Each of the four varna categories also has a characteristic ‘alter ego’, which represents a possibly disreputable version of themselves who in a sense stands outside acceptable society. The alter ego of the king is the bandit, who takes tribute by predatory violence. The king distinguishes himself from the bandit by two possible strategies. One is by legitimating his rule with respect to some kind of sacred authority (hence the close associations between kings and churches or priests), being a generous benefactor of temple building etc. The other is by being a ‘good king’ who protects and nurtures the people. In agrarian societies this amounts to a kind of protection racket, in which the king’s tribute-taking from ordinary people in order to endow his temples and generally act in a kingly manner is at least orderly and regularised, and he offers protection from the arbitrary violence of the bandit. But kings need a lot of tribute for their projects, so it’s easy for their exactions to become itself a kind of banditry and to be seen as such. Hence the numerous Robin Hood style myths – Good King Richard, Bad King John etc.

The alter ego of the priest is the renouncer – archetypically the penniless holy wo/man, the ascetic or the hermit who gives everything away and begs only enough to keep from starving. From this position almost outside society, they can critique its worldliness and corruption and attain great spiritual purity.

The alter ego of the vaishya as farmer is also the renouncer, who aspires to agrarian self-reliance. They don’t need many external inputs to furnish their household, nor do they need to go often to market. The strategy of the self-reliant ascetic, standing somewhat outside society is available to them.

On the face of it, the vaishya as merchant can’t adopt the minimal transactional strategy – after all, they’re buying and selling stuff the whole time. Potentially, and often actually, this is highly compromising to their social status. The ways around it are to act as if trade in mere objects is a trivial matter in which the merchant is not existentially implicated, allowing the cultivation of higher spiritual virtues (Weber’s Protestant Ethic and the Spirit of Capitalism would be a westernised version of this).

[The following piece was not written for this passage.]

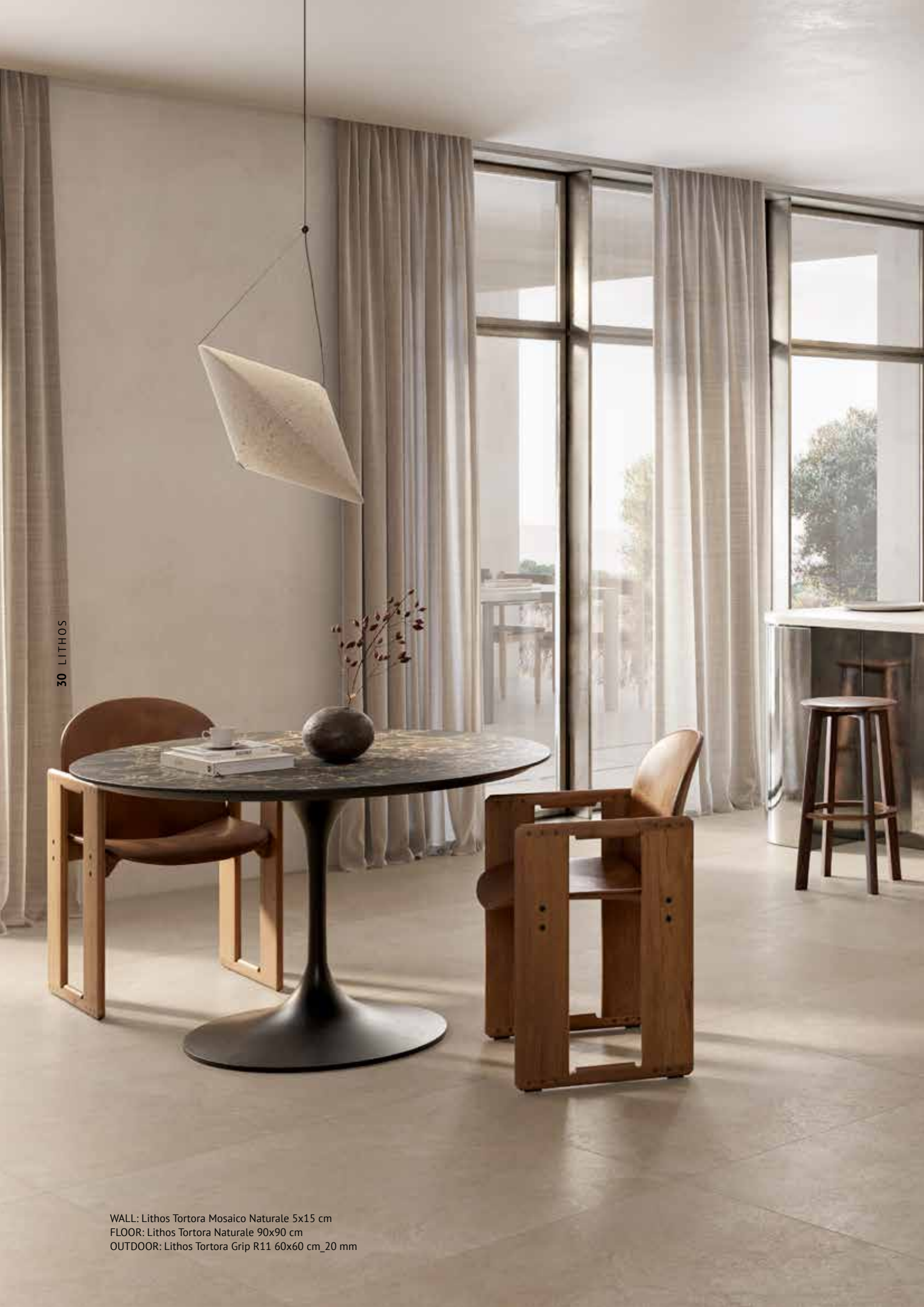
WALL: Lithos Tortora Mosaico Naturale 5x15 cm FLOOR: Lithos Tortora Naturale 90x90 cm OUTDOOR: Lithos Tortora Grip R11 60x60 cm_20 mm

Or else to use the profit to act like a king, and hope to convince people that you really are one.

The alter ego of the shudra is the outcast or untouchable. Receiving but not giving, and especially receiving polluting and inauspicious substances, puts you at the bottom of the heap, and potentially outside the heap altogether.

In terms of status ordering – well, the king is at the top, but in an agrarian society there can’t be many kings and it’s a high risk business. You have to exact a lot of tribute, endow a lot of benefices and fight off a lot of bandit would-be kings. The priest and the renouncer may also enjoy high status of a non-material kind if they can convince other people of their spiritual virtues. The vaishya-merchant is in a risky status position – nobody likes a usurer – but they may have ways of pulling the wool over people’s eyes and adopting a different status. The vaishya-farmer can’t claim much highfalutin status, but can effect a certain haughty independence and homespun honour. But in practice this status is often beyond the ordinary farmer’s means – a more likely result is that they’re a mere client or retainer of a higher ranking patron. Hence the relative lack of farmers in the vaishya category, and their strong showing among the shudras or, worse, in some unfree category – serf, debt-peon or slave. An awful lot of socio-historical drama in agrarian societies turns upon the way people try to augment social status – sometimes as a multi-generational strategy exceeding their own lifespan – according to their inherited potential in these various social roles.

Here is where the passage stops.